Inside Education and Health Sciences

Look Up
By Jillian Poole '27
The deepest form of human connection is the ability to immerse yourself in someone else's world. This power of resonance has vast abilities, from bridging racial divides to simply relieving your friend of the heartbreak they carry. In our swirling world of modern technologies, we're losing this capacity to be present with others. We're bombarded with endless notifications, dragging us into an isolating spiral of diminishing attention spans. Drawing ideas from Johann Hari's narrative in Stolen Focus, it's increasingly evident that technology is negatively affecting our ability to feel true empathy for others by sucking us into a world of distractions and individualistic thinking.

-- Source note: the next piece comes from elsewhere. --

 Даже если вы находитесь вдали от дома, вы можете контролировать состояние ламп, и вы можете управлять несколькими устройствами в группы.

As a future teacher, I worry about what this means for my rapport with my students, and their relationships with each other.
The rise of media use in daily life has caused us to constantly feel a pull toward a device. Engrained through hours of working on laptops or mindlessly scrolling social media, checking notifications has become habitual. The average person checks their phone every twelve minutes, leaving us with little sense of sustained focus.

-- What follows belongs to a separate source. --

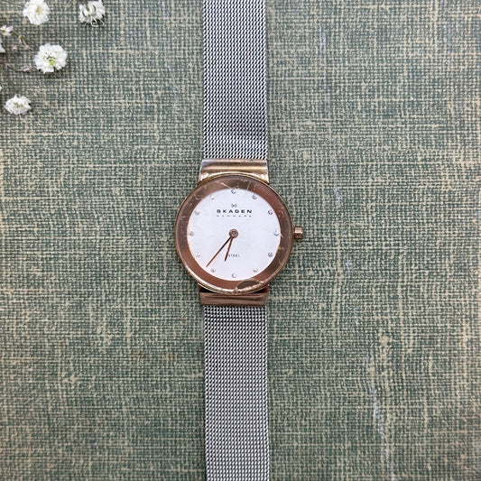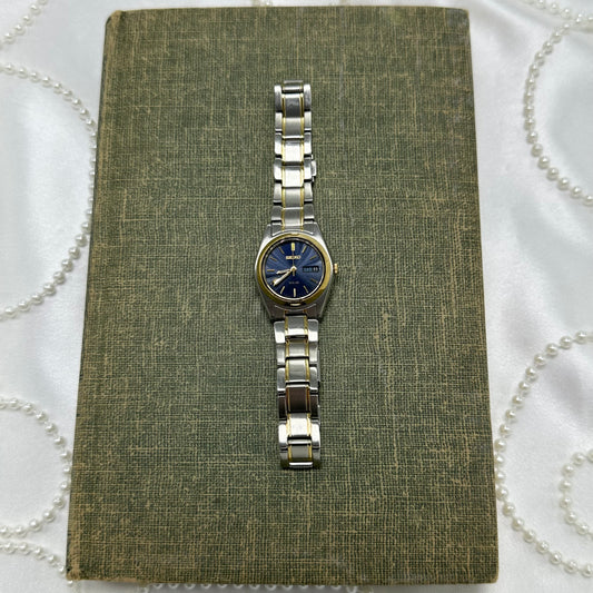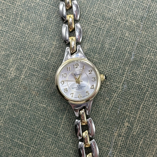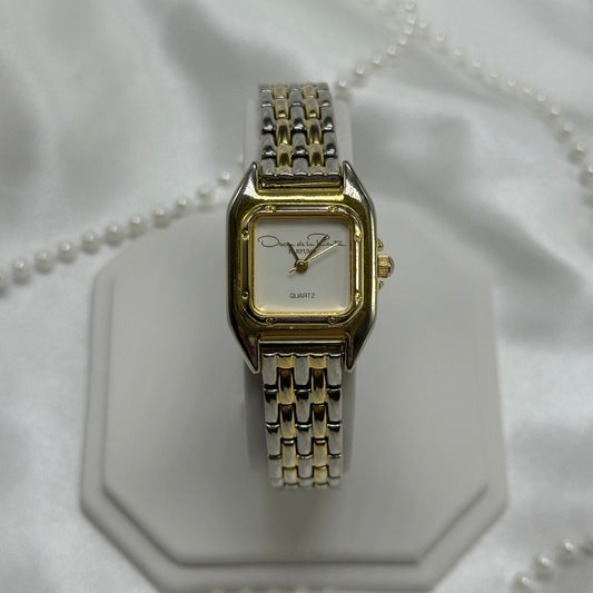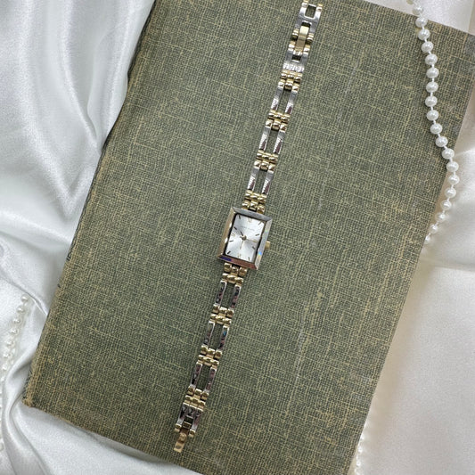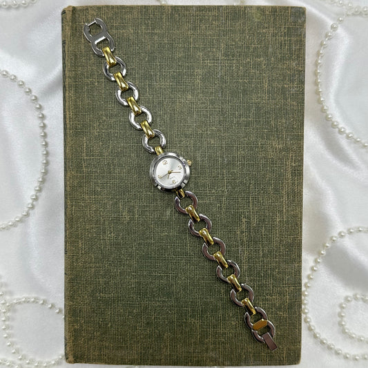 Two-Tone Round Dial Watch with Mother of Pearl Dial

I feel one of the most upsetting effects of this pattern is our inability to commit our undivided attention to people around us. Hari highlights the negative effects of this when he explains, "if you see the world through fragments, your empathy doesn't kick in, in the way that it does when you engage with something in a sustained, focused way." Our brains are being rewired to process the world in short bursts at a time, as platforms such as Instagram or TikTok are designed to flood users with new stimuli every second. This means our attention span is short-circuiting, and it's more than likely when we're talking with a friend, our mind is actively resisting the temptation to succumb to an online world.
I've noticed this in my life: I'll often be sharing about my troubles to one of my roommates while they're scrolling through their phone. Even if we're conversing, their replies are often shortened to a "yeah" or "uh-huh" as the majority of their attention is fixated on the glowing screen in front of them. It deeply unsettles me as I realize this has become normal. The heart of empathy, which is the ability to understand and resonate with the feelings of others, is dwindling. It is nearly impossible to understand someone without intentionally listening, and it's disturbingly difficult to listen when we feel that pull to a screen.
I think we need to treat this epidemic as a wake up call to reconnect with the people around us, starting with small intentional efforts of simply looking one another in the eye. If we perpetuate the spiral of giving into these mechanical distractions, it won't be long before we surrender to cruelty without a care of how it affects others.
As a future teacher, I hold myself to a higher standard of accountability and plan to set intentional goals to counteract this negativity. I strive to curate a safe environment in my future classroom, where I incorporate social and emotional learning lessons and models of empathetic conversations into students' everyday life. Through little choices each day, I believe we all have the capacity to rewire this isolated behavior and reopen our hearts to those around us. For in Hari's words, "empathy is one of the most complex forms of attention we have, and the most precious."
It's our duty to protect this sacred element of humanity, and it starts with simply looking up.